Using the material below, repeat exactly the lines from the one with "Not to mention" through the one with "登录中国高等教育学生信息网(http:/", ends included, without any images.

## Data provided
= Beginning of Section =

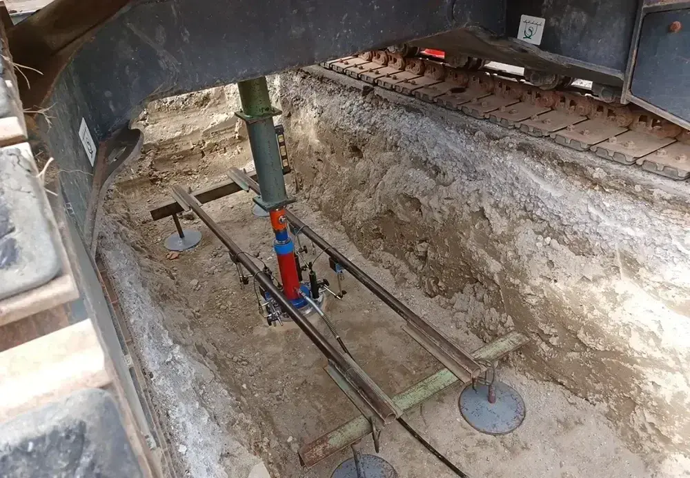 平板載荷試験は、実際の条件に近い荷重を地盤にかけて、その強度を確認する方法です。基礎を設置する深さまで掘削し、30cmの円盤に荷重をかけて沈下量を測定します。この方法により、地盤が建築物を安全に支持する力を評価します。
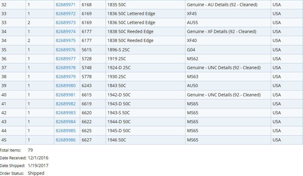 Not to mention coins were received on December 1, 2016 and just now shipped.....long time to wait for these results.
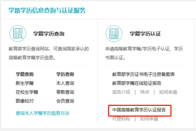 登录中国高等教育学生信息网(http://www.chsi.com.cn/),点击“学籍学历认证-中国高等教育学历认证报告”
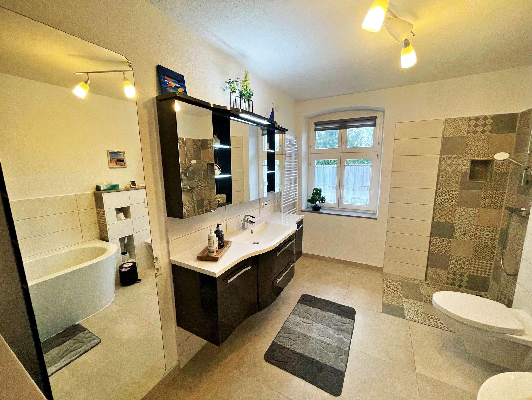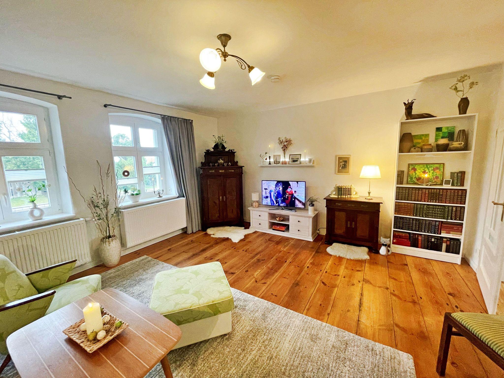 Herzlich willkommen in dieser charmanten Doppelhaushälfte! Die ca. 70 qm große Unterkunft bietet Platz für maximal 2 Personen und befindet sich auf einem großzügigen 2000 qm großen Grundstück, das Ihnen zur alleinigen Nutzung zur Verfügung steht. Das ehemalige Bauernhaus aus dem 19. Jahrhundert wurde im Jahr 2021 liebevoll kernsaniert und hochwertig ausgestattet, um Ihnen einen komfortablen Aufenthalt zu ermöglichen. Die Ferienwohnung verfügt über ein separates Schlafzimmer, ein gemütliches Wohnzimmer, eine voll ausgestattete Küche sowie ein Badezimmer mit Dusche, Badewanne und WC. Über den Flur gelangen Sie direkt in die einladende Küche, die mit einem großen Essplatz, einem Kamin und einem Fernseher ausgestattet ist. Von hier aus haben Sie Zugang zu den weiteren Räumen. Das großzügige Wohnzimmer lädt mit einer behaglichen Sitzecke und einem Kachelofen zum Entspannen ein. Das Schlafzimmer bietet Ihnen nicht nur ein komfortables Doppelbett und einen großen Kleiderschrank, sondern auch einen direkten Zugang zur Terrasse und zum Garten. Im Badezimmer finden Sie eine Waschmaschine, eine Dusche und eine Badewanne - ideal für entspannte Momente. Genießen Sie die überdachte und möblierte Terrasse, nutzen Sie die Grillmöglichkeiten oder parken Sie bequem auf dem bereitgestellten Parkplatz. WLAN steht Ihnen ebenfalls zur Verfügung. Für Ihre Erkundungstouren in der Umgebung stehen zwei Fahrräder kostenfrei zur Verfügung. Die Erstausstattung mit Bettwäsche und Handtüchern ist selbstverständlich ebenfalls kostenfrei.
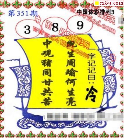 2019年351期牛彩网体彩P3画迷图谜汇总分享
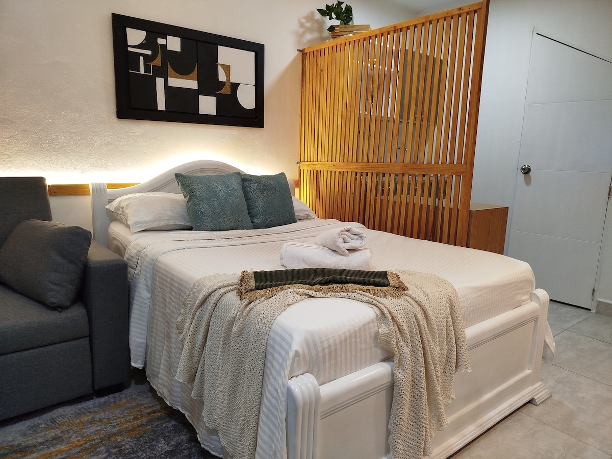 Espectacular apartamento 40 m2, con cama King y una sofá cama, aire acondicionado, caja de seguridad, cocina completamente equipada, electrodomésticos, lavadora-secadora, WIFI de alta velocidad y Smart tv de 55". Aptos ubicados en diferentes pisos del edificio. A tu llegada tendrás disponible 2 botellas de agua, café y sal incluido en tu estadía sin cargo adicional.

= End of Section =
= Beginning of Section =

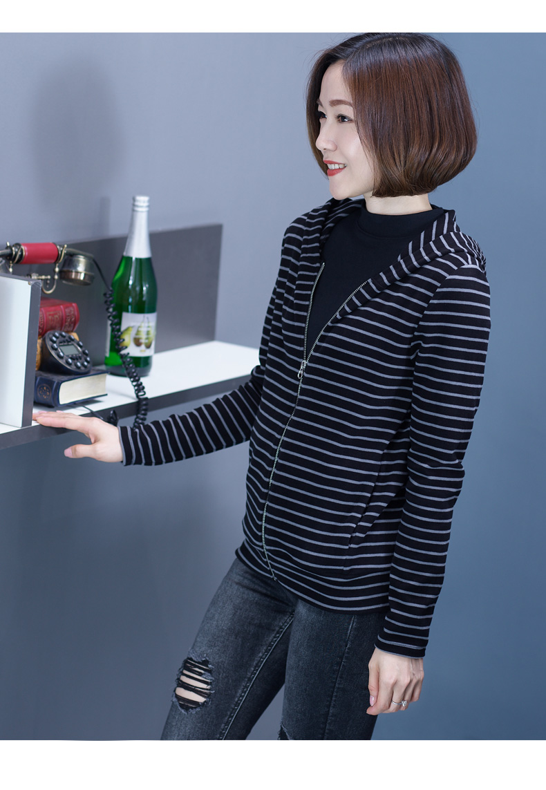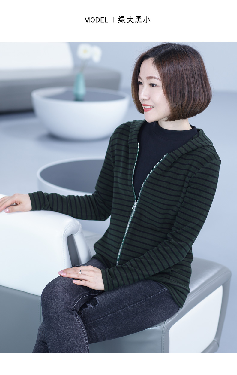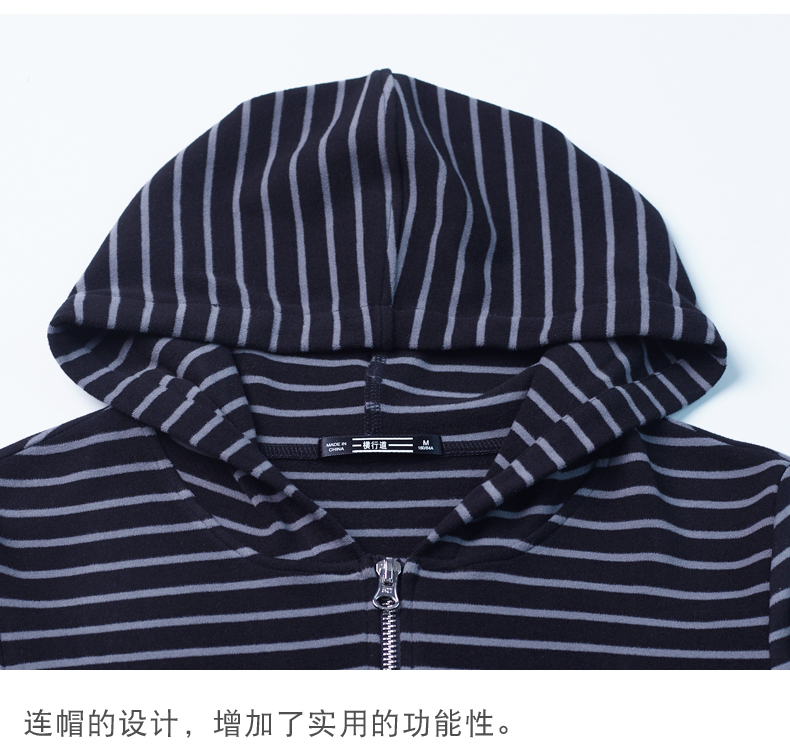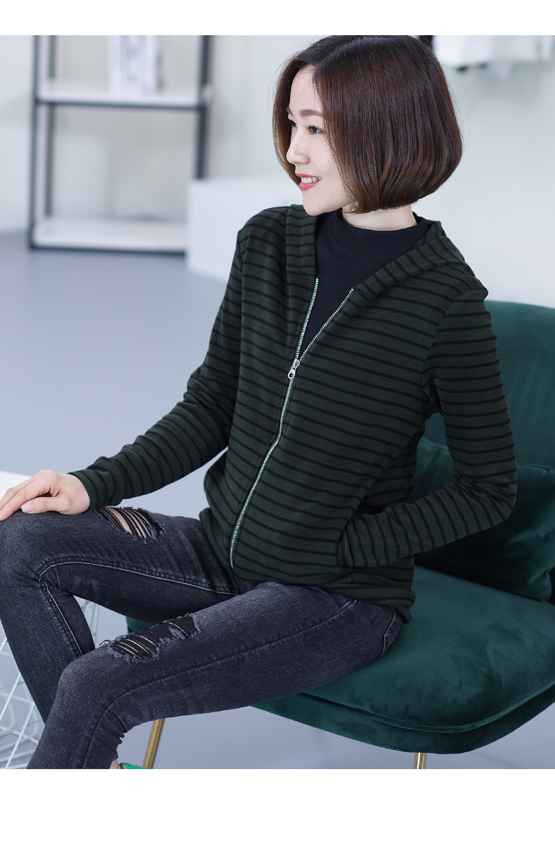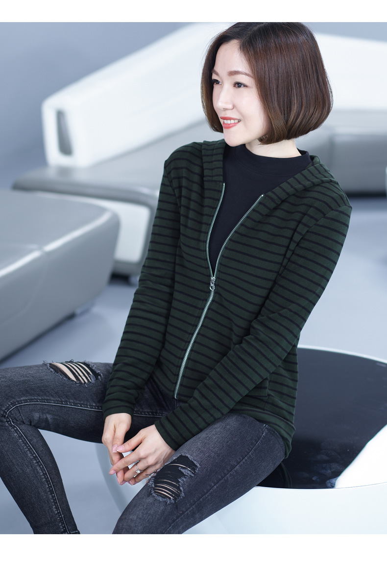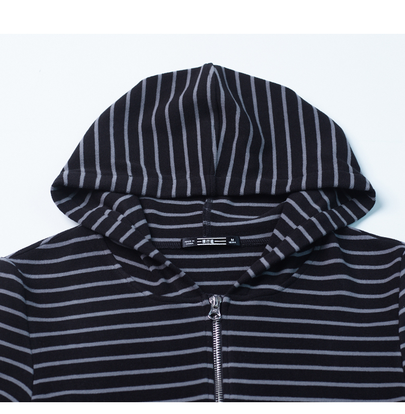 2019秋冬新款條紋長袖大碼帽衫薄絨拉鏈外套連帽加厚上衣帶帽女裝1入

= End of Section =

## Solution for this problem
 Not to mention coins were received on December 1, 2016 and just now shipped.....long time to wait for these results.
 登录中国高等教育学生信息网(http://www.chsi.com.cn/),点击“学籍学历认证-中国高等教育学历认证报告”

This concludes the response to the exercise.